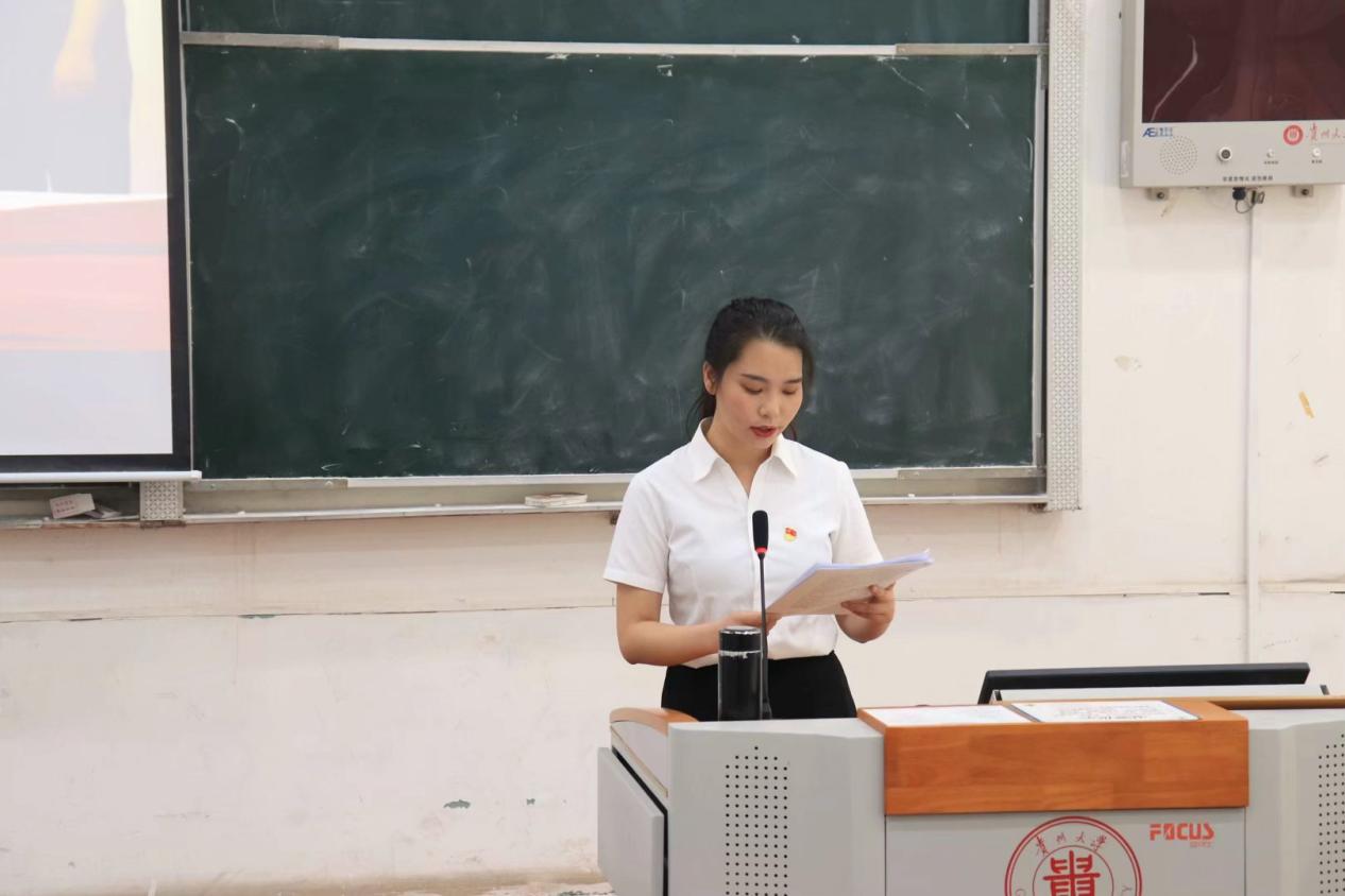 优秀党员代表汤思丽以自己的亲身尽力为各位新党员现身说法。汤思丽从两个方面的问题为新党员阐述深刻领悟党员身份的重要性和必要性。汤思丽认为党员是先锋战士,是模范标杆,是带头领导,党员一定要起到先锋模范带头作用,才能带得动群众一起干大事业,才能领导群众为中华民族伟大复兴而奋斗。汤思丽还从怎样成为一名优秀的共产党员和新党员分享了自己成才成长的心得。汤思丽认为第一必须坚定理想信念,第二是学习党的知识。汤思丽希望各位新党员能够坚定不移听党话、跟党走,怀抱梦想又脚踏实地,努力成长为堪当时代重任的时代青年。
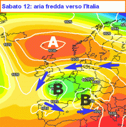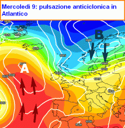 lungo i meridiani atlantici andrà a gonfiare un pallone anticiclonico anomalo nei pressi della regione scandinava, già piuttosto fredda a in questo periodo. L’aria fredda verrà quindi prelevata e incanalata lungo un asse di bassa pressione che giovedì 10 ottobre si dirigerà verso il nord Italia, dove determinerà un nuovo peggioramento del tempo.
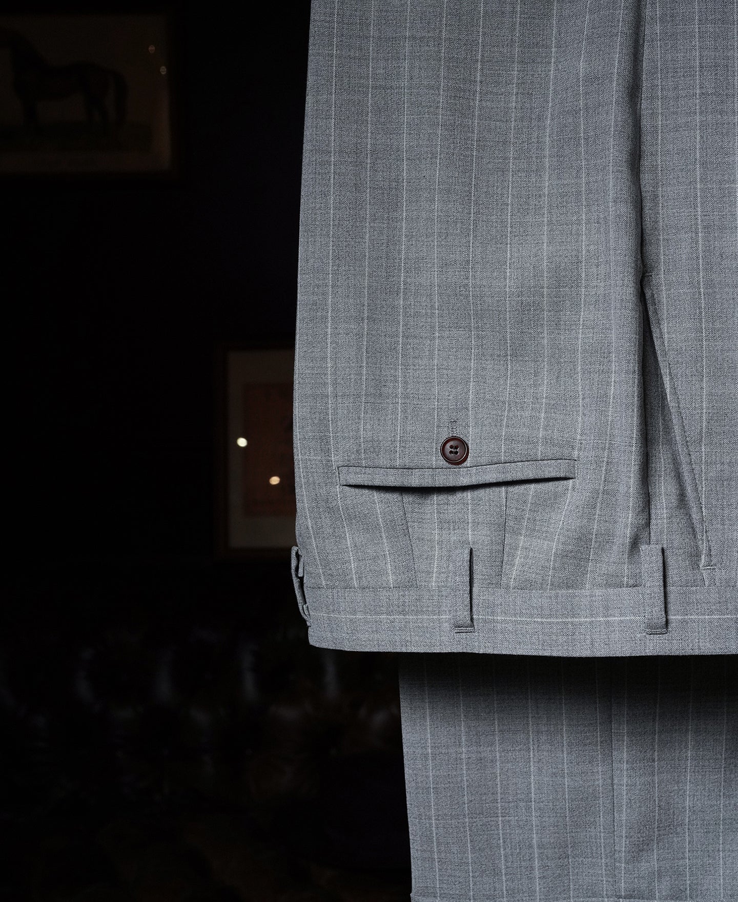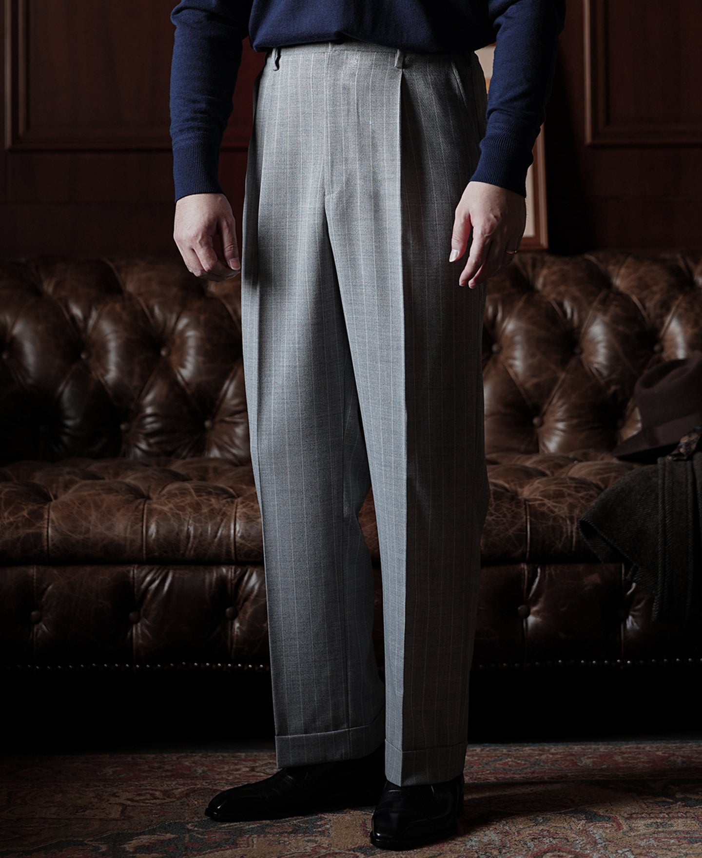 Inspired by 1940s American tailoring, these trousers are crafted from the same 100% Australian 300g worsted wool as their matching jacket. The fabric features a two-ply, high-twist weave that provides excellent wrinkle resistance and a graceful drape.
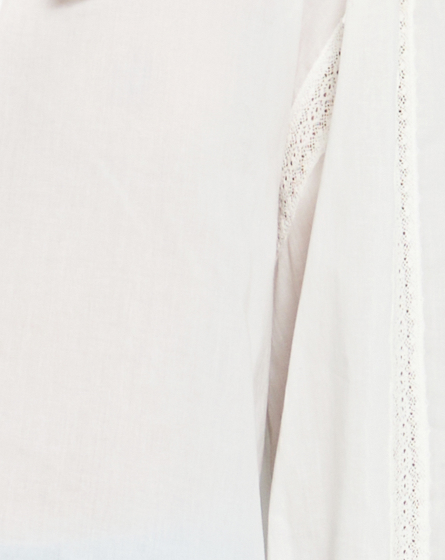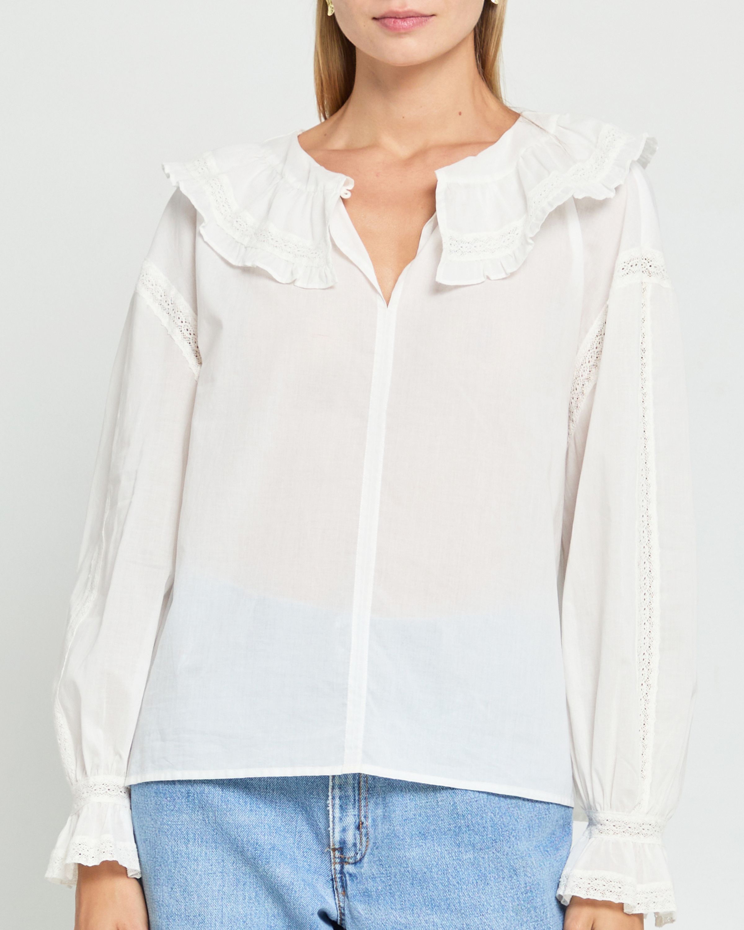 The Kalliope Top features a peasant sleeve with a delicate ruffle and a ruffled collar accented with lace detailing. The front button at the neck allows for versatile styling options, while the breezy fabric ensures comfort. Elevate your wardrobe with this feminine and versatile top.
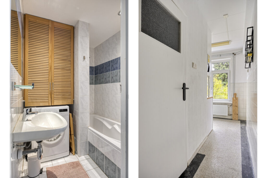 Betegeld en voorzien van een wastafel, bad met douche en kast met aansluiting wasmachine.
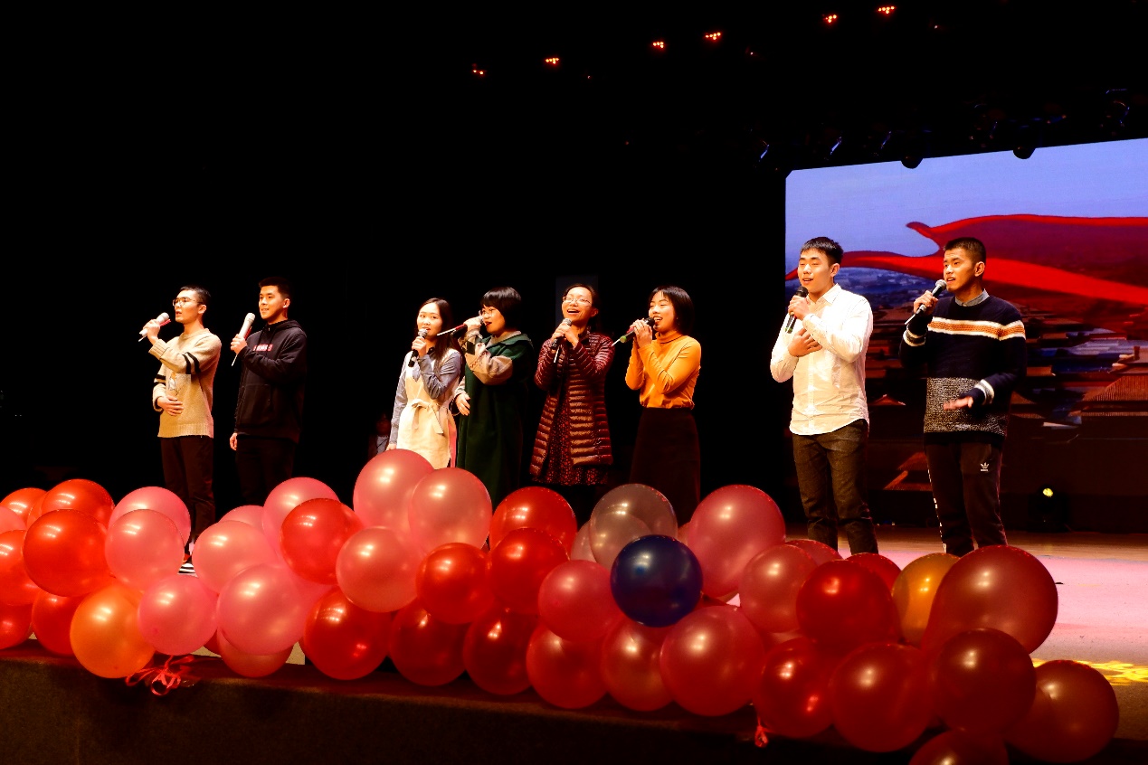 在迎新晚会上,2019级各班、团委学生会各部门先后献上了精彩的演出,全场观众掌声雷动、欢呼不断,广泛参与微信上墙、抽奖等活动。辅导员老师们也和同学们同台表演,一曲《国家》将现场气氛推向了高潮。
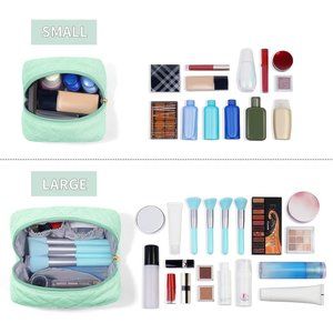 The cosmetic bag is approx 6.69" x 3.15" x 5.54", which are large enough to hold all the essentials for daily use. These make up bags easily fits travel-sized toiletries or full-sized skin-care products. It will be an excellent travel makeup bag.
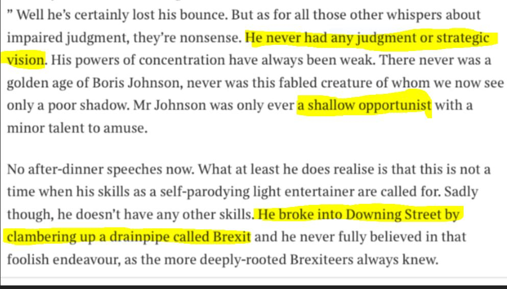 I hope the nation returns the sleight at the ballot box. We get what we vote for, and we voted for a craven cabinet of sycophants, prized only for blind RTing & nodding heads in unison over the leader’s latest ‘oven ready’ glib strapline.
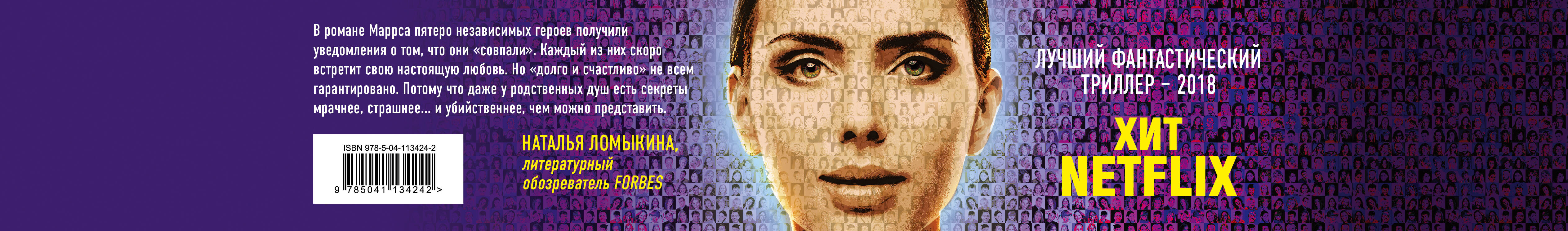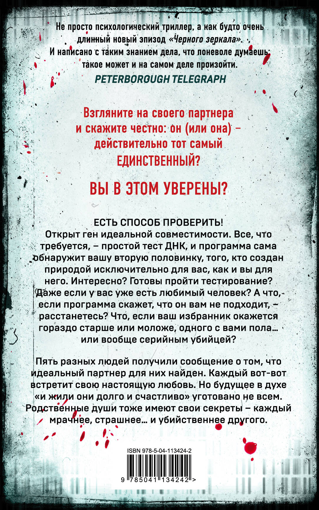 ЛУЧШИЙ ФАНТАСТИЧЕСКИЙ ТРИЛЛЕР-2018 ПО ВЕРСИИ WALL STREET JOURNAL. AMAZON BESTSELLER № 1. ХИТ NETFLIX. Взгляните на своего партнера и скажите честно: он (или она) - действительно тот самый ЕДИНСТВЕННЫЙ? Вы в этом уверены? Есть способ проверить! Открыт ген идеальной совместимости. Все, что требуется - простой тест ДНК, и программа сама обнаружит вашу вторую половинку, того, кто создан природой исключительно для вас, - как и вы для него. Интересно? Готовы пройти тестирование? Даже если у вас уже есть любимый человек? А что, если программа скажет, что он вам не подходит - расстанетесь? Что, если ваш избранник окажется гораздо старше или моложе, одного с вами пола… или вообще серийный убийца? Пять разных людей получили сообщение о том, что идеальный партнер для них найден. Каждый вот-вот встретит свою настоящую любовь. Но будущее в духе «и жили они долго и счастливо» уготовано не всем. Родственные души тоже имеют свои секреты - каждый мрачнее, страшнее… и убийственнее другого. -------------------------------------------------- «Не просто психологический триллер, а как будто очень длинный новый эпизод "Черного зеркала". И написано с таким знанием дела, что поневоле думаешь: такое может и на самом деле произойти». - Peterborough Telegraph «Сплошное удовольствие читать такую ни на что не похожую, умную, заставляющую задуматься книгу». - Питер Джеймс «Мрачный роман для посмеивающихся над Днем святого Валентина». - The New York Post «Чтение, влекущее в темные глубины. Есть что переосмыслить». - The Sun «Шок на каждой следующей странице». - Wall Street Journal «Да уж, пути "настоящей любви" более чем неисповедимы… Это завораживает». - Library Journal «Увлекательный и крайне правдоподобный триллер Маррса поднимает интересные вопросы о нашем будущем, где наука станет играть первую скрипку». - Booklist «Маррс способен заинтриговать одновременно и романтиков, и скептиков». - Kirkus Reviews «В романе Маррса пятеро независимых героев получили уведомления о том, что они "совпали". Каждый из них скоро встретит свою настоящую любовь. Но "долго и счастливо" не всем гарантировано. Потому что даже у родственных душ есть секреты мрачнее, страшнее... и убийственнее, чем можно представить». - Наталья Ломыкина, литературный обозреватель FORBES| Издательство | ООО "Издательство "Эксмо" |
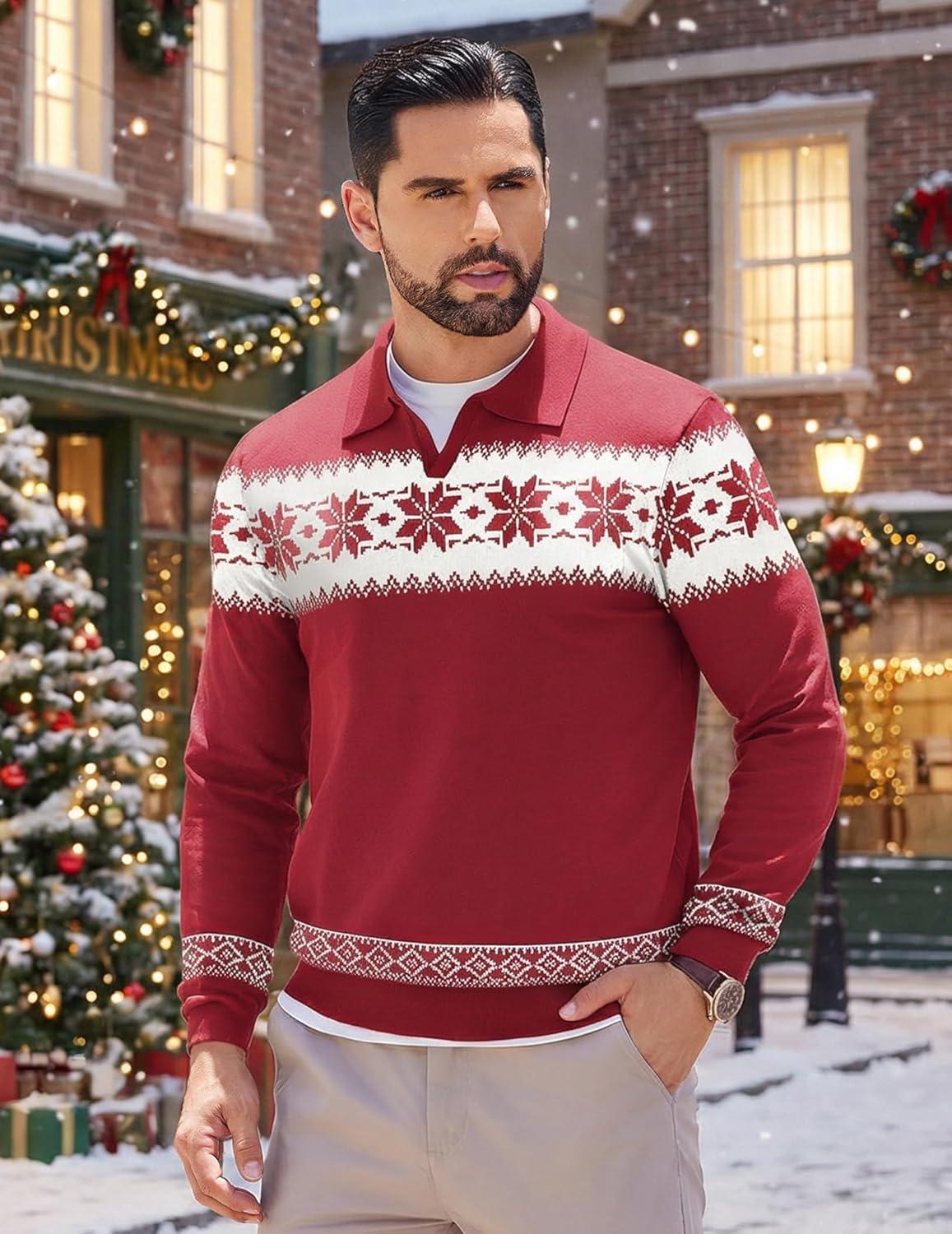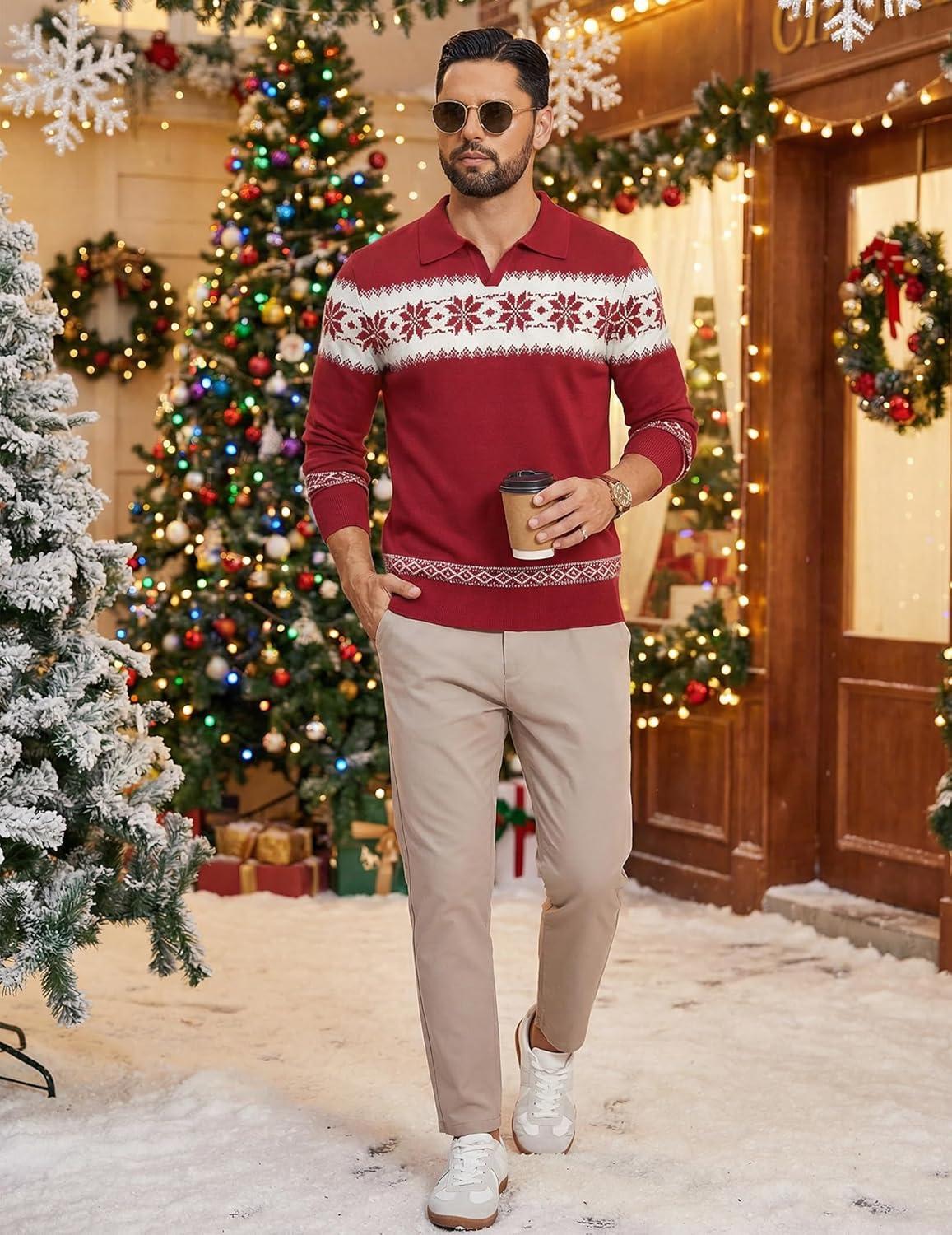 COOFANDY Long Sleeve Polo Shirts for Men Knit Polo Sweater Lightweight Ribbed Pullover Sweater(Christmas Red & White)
|---|
• **EXERCISE DESCRIPTION**: Restate each line above exactly, keeping pictures out.

• **SOLUTION TO THIS PROBLEM**:
 优秀党员代表汤思丽以自己的亲身尽力为各位新党员现身说法。汤思丽从两个方面的问题为新党员阐述深刻领悟党员身份的重要性和必要性。汤思丽认为党员是先锋战士,是模范标杆,是带头领导,党员一定要起到先锋模范带头作用,才能带得动群众一起干大事业,才能领导群众为中华民族伟大复兴而奋斗。汤思丽还从怎样成为一名优秀的共产党员和新党员分享了自己成才成长的心得。汤思丽认为第一必须坚定理想信念,第二是学习党的知识。汤思丽希望各位新党员能够坚定不移听党话、跟党走,怀抱梦想又脚踏实地,努力成长为堪当时代重任的时代青年。
 lungo i meridiani atlantici andrà a gonfiare un pallone anticiclonico anomalo nei pressi della regione scandinava, già piuttosto fredda a in questo periodo. L’aria fredda verrà quindi prelevata e incanalata lungo un asse di bassa pressione che giovedì 10 ottobre si dirigerà verso il nord Italia, dove determinerà un nuovo peggioramento del tempo.
 Inspired by 1940s American tailoring, these trousers are crafted from the same 100% Australian 300g worsted wool as their matching jacket. The fabric features a two-ply, high-twist weave that provides excellent wrinkle resistance and a graceful drape.
 The Kalliope Top features a peasant sleeve with a delicate ruffle and a ruffled collar accented with lace detailing. The front button at the neck allows for versatile styling options, while the breezy fabric ensures comfort. Elevate your wardrobe with this feminine and versatile top.
 Betegeld en voorzien van een wastafel, bad met douche en kast met aansluiting wasmachine.
 在迎新晚会上,2019级各班、团委学生会各部门先后献上了精彩的演出,全场观众掌声雷动、欢呼不断,广泛参与微信上墙、抽奖等活动。辅导员老师们也和同学们同台表演,一曲《国家》将现场气氛推向了高潮。
 The cosmetic bag is approx 6.69" x 3.15" x 5.54", which are large enough to hold all the essentials for daily use. These make up bags easily fits travel-sized toiletries or full-sized skin-care products. It will be an excellent travel makeup bag.
 I hope the nation returns the sleight at the ballot box. We get what we vote for, and we voted for a craven cabinet of sycophants, prized only for blind RTing & nodding heads in unison over the leader’s latest ‘oven ready’ glib strapline.
 ЛУЧШИЙ ФАНТАСТИЧЕСКИЙ ТРИЛЛЕР-2018 ПО ВЕРСИИ WALL STREET JOURNAL. AMAZON BESTSELLER № 1. ХИТ NETFLIX. Взгляните на своего партнера и скажите честно: он (или она) - действительно тот самый ЕДИНСТВЕННЫЙ? Вы в этом уверены? Есть способ проверить! Открыт ген идеальной совместимости. Все, что требуется - простой тест ДНК, и программа сама обнаружит вашу вторую половинку, того, кто создан природой исключительно для вас, - как и вы для него. Интересно? Готовы пройти тестирование? Даже если у вас уже есть любимый человек? А что, если программа скажет, что он вам не подходит - расстанетесь? Что, если ваш избранник окажется гораздо старше или моложе, одного с вами пола… или вообще серийный убийца? Пять разных людей получили сообщение о том, что идеальный партнер для них найден. Каждый вот-вот встретит свою настоящую любовь. Но будущее в духе «и жили они долго и счастливо» уготовано не всем. Родственные души тоже имеют свои секреты - каждый мрачнее, страшнее… и убийственнее другого. -------------------------------------------------- «Не просто психологический триллер, а как будто очень длинный новый эпизод "Черного зеркала". И написано с таким знанием дела, что поневоле думаешь: такое может и на самом деле произойти». - Peterborough Telegraph «Сплошное удовольствие читать такую ни на что не похожую, умную, заставляющую задуматься книгу». - Питер Джеймс «Мрачный роман для посмеивающихся над Днем святого Валентина». - The New York Post «Чтение, влекущее в темные глубины. Есть что переосмыслить». - The Sun «Шок на каждой следующей странице». - Wall Street Journal «Да уж, пути "настоящей любви" более чем неисповедимы… Это завораживает». - Library Journal «Увлекательный и крайне правдоподобный триллер Маррса поднимает интересные вопросы о нашем будущем, где наука станет играть первую скрипку». - Booklist «Маррс способен заинтриговать одновременно и романтиков, и скептиков». - Kirkus Reviews «В романе Маррса пятеро независимых героев получили уведомления о том, что они "совпали". Каждый из них скоро встретит свою настоящую любовь. Но "долго и счастливо" не всем гарантировано. Потому что даже у родственных душ есть секреты мрачнее, страшнее... и убийственнее, чем можно представить». - Наталья Ломыкина, литературный обозреватель FORBES| Издательство | ООО "Издательство "Эксмо" |
 COOFANDY Long Sleeve Polo Shirts for Men Knit Polo Sweater Lightweight Ribbed Pullover Sweater(Christmas Red & White)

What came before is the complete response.